Error code 578 with EntraID
Hi Team,
I'm trying to setup an enterprise connection with my EntraID tenant but no matter what I do I get the following error when trying to sign in:
I've checked all the details and they all match including the entity ID, identifiers, and certificate (I've tried pasting in just the certificate as well as the entire metadata XML which the user guide seems to suggest doing) but no dice.
I've also tried in a clean browser session with a new user as well as an existing user with the enterprise connection set in their account but haven't had any luck.
Does anyone have any insights on what the error might mean or what to look at next? I haven't been able to find anything in the documentation.
Thanks!
3 Replies
Hi Ewing,
Thanks for bringing this to our attention. Error code 578 indicates that Kinde encountered an issue when validating the SAML response during the callback phase. In other words, the SAML response from your EntraID tenant isn’t passing our validation checks.
Here are a few steps you can try to resolve this issue:
• Ensure that the certificate provided is in the correct PEM format and hasn’t expired. Depending on your configuration, you might need to supply either just the certificate or the full metadata XML. Double-check that the certificate matches exactly what’s configured in your EntraID tenant.
• Verify that the entity IDs, audience, and other identifiers in both your EntraID configuration and Kinde settings are an exact match. Even a small discrepancy can cause validation to fail.
• Confirm that the signature algorithm used by EntraID is supported by Kinde. Sometimes, issues can arise if the algorithm doesn’t match our expectations. Also, if you’re using the full metadata XML, ensure it’s correctly formatted.
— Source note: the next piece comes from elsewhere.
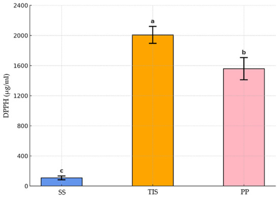 The antioxidant potential of T. balsamita was evaluated based on its DPPH radical scavenging capacity, showing statistically significant differences among the group samples (Figure 5).

• SAML responses are time-sensitive. Please check that your servers and systems are synchronized correctly, as time drift can sometimes cause validation issues.
If you’ve verified all the above and are still encountering error 578, please feel free to send us (with any sensitive information redacted) additional logs or details so we can investigate further.
For more detailed guidance, please see our documentation on Enterprise Connections and SAML integration:
- https://docs.kinde.com/authenticate/enterprise-connections/enterprise-connections-b2b/
- https://docs.kinde.com/authenticate/enterprise-connections/custom-saml/
- https://docs.kinde.com/authenticate/enterprise-connections/enterprise-connections-b2b/
- https://docs.kinde.com/authenticate/enterprise-connections/custom-saml/
Hi Ages,
Thanks for your reply!
I just took a look at the links you've sent through and point 4 on the second link was the key:
I added spn: to my Entity ID in Kinde and voila! It worked straight away. While the Enterprise Application was created yesterday the tenant is about 5 years old.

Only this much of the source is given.